Speaking of new in the kitchen, I tired very quickly of making tea in the microwave, so I've bought a new kettle. It was hideously expensive, for a kettle! But as I may be stuck with it for a decade or so, I decided to have one I enjoy. It’s not copper, but stainless steel, and the green glass lid floats up when the catch is released. It makes a pleasing little ding when it’s boiled. And in memory of its predecessor the old clunker, it’s also a Breville.

Vale, Fair Kettle. You’ll be missed.

10 comments:

Unknown said...

Miss Andrea, I was only being facetious about the method of demise of your late, lamented kettle. You said you were mortified to be the butt of a joke, I was mortified when I found out I was correct.

But I think there's something in your tale for all of us.

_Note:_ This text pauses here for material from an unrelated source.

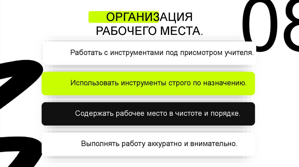ОРГАНИЗАЦИЯРАБОЧЕГО МЕСТА.

And I believe Shannon Lush could give you advice on how to remove molten plastic residue from a cooktop...

Chris.

Miss Andrea said...

No, no, Chris, you see that's the point - I *knew* you were being facetious, and yet I Was *still* that stupid - that's what I was mortified about!

Sometimes I feel like Donna in The West Wing: "I'm too stupid to live!"

Unknown said...

Having been one of Little Ho's aforementioned housemates (most significantly at the Barkly St Modern Farce in East Brunswick) I have been involved in the scrounging - parents' old washing machine which replaced the twin-tub, the dog couch, my brother's ugly black uncomfortable modular furnitue - a critique of which was made when Wooscat pissed on all four pieces individually, crockery, referiferator/s (including an ancient old yellow beer fridge with rounded corners and weighed about 400,000 kg). Like Ms Andrea I also have the need to love and retain objects (three Holdens, all gone with a tear - HQ, HR and LH). My most prized, which remains back in Oz, is a really cheap clock radio that I have had for 23 years.

Miss Andrea said...

Dear Damian,

I loved that Dog Couch. Even though I think it caused my occasionally creaky back after sleeping on it the night we got burgled. That washing machine was a godsend.

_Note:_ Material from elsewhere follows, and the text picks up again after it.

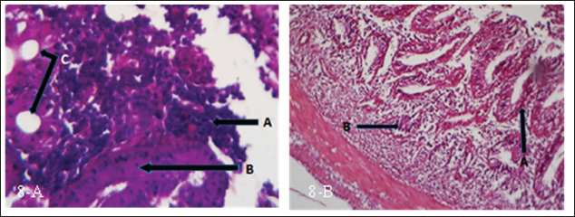 Fig. 8. (a) Histopathological section of intestine of common carp showing inflammatory cells infiltration (A), thickening in lamina properia (B) and vacuolation (C). H&E ×10.; (b) Histopathological section of intestine of common carp showing shortening in lamina properia (A) and inflammatory cells infiltration (B). H&E ×10.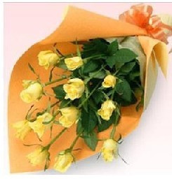 商品簡介:花束:12枝帶葉黃玫瑰,桔黃色皺紋紙,絲帶束扎

Do you remember all those No Standing signs we collected to keep the Our Lady Help of Christians Youth Club from blocking the car parking spaces outside the modern Farce when we held parties?

I miss the HR, even if it had no brakes.

Unknown said...

'referiferator/s' I am dead man without spell cheque

Anonymous said...

You really have to tell us the story behind the name 'Low Flying Lady' as well as the tale of how she died. I'm a big fan of car names that need long explanations.

In fact, I used to have a Gemini called The Husband, named after the guy who married a girl I was keen on. I tried to call it his actual name, but it was too irritating.

lemmiwinks said...

The LFL didn't die, she was murdered! You must have known what it was in for when you let he who shall not be named behind the wheel Andrea ;-)

Miss Andrea said...

Mark, do tell more about The Husband. And the girl. And the real name.

Ash knows of what he speaks - LFL were the letters on a numberplate, and a friend said that based on my leadfoot style of motoring it must stand for Low Flying Lady. As for her demise - well, it was untimely. And largely due to her being mistaken for a motorbike and beign driven like one, which was too much for her 24-year-old innards. However, despite terminal injury she did get the rest of the 600km to Sydney, AND back again.

Kempy, I am disturbed by your spelling retardation. Didn't you grow up in the era before 'whole language' so spelling was drummed into you?? Is it just crap typing?